The report noted that one reason for the recommendation was the increased weighting given to the “customer hurdle” in Ms Baker’s long-term incentives. The proxy advisers believed this “had no direct link to shareholder wealth outcomes”, and that “customer-centric measures should be “considered and assessed as part of a banking executive’s day job”. 

Mr Johanson said he believes, to the contrary of the ISS recommendation, that customer centricity is linked to the long-term viability and profitability of the bank. 

“The ‘day job’ as is were includes thinking about how all parts of the remuneration package are working together to achieve common outcomes,” he said. 

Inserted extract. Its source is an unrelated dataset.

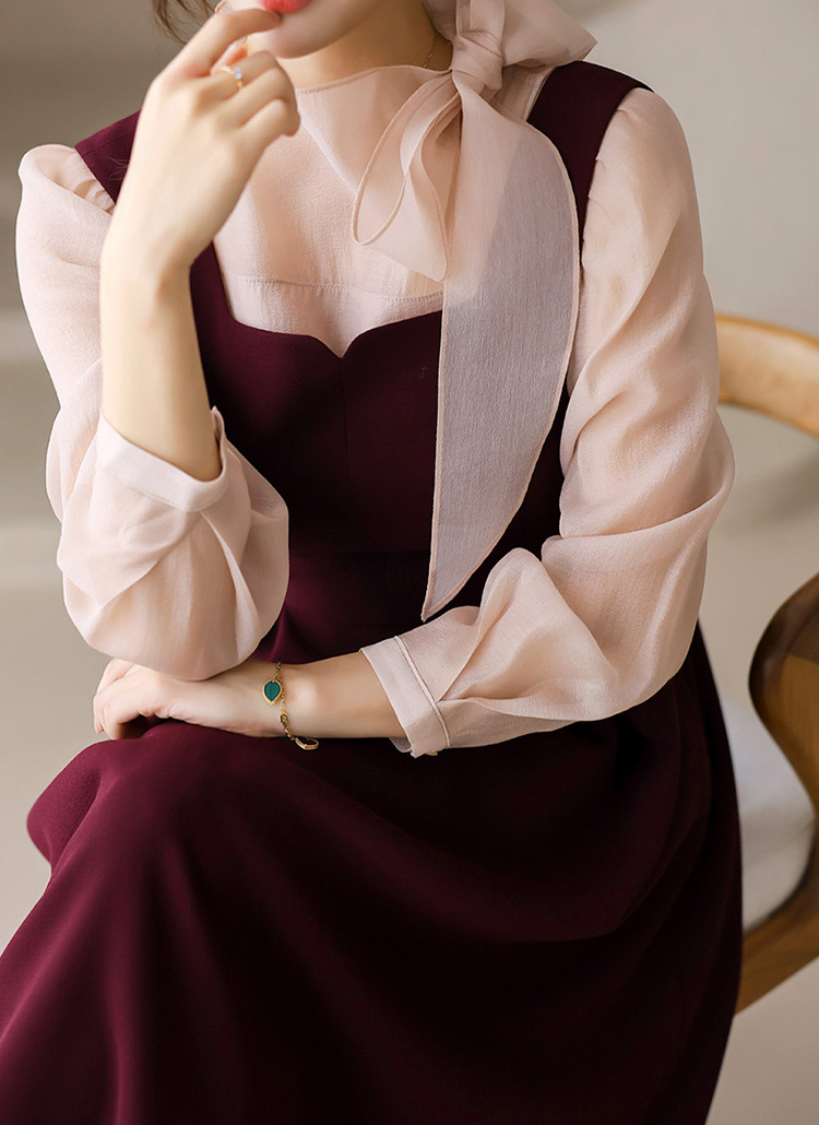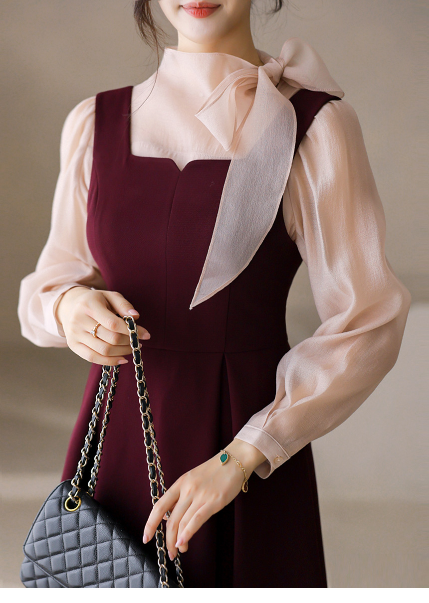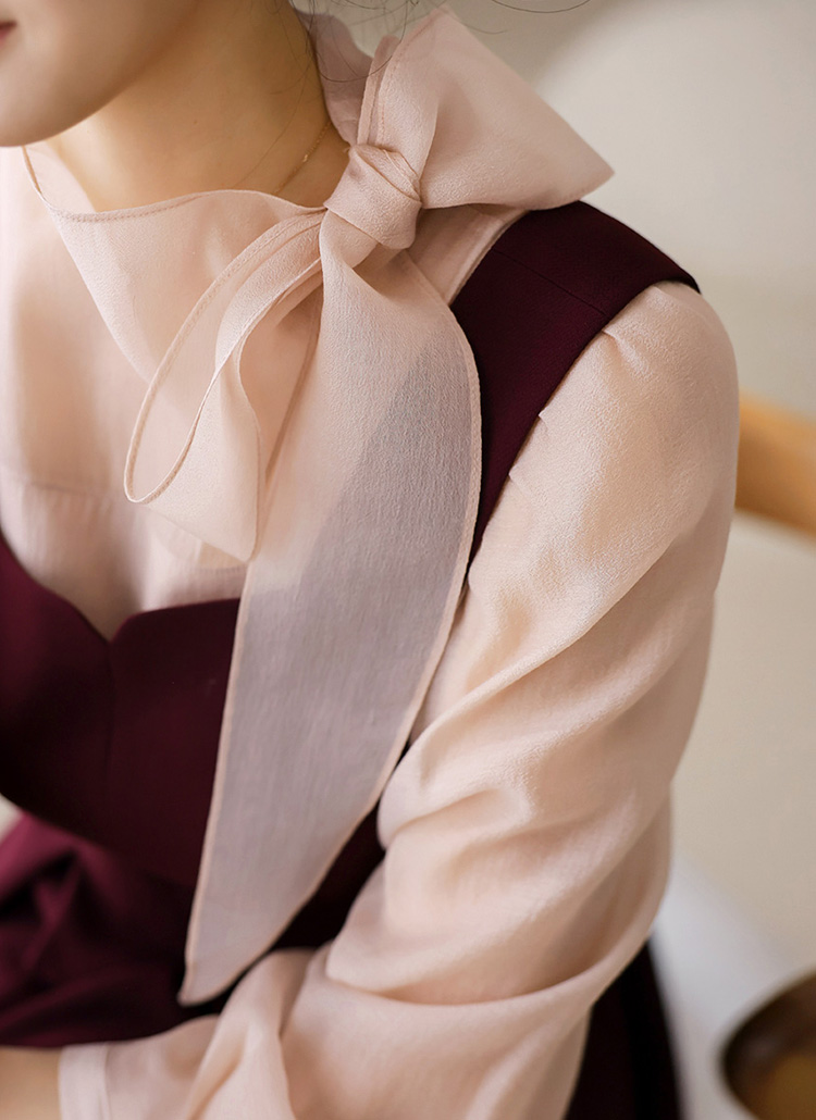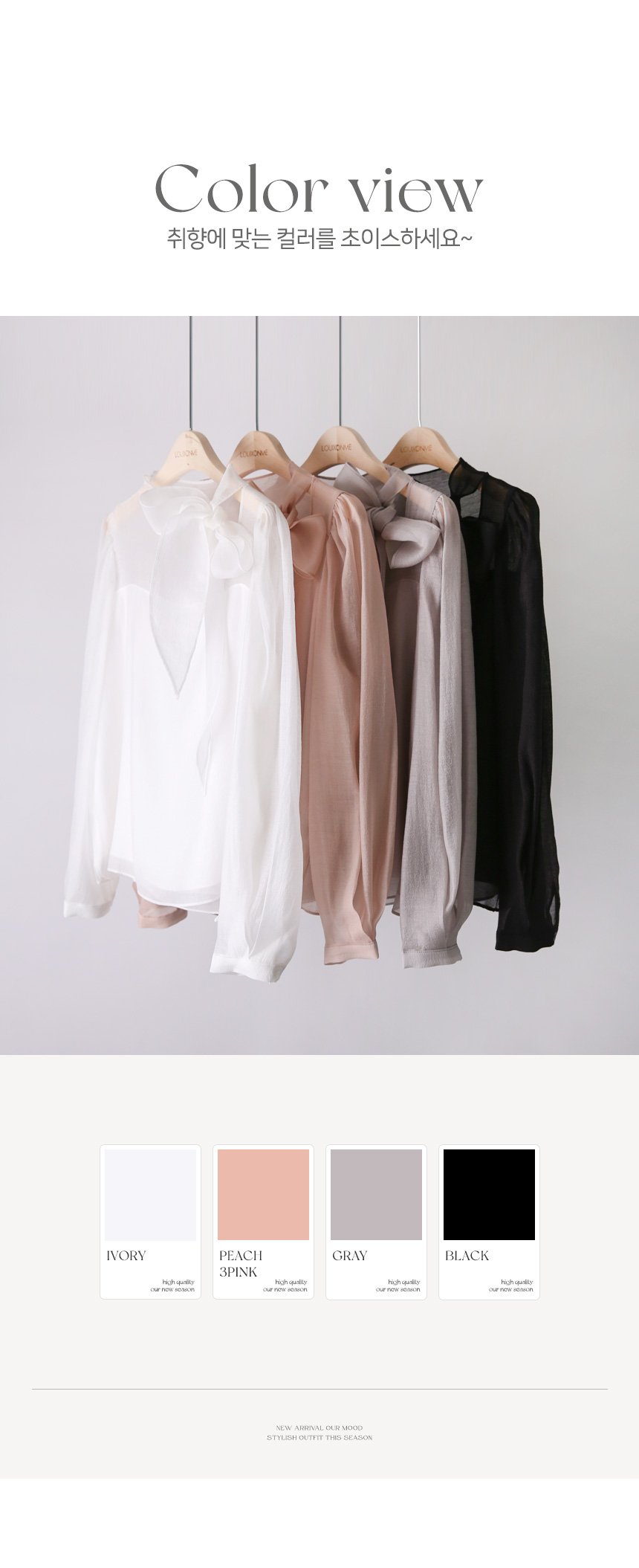 [Delicate Tencel chiffon blouse with a refined ribbon neck and sheer sleeves, offering graceful volume and feminine charm.]

“The proxy advisers of course are employed by institutions. It provides a pretty rigorous way for large numbers of institutions to get to grips with these questions when historically they haven’t been that interested in them. 

“But the people who pay the proxy advisers themselves are assessed typically on short-term financial outcomes. So it’s no surprise that a fund manager is interested in short-term financial outcomes because we all as investors, through our superannuation funds, are concerned about whether our fund has done well over the last six months or not. 

“There is a dilemma in all this.”

Mr Hayne suggested the process was “reducing some quite complex problems to binary outcomes”. 

Approximately 40 per cent of Bendigo and Adelaide Bank is held by institutions.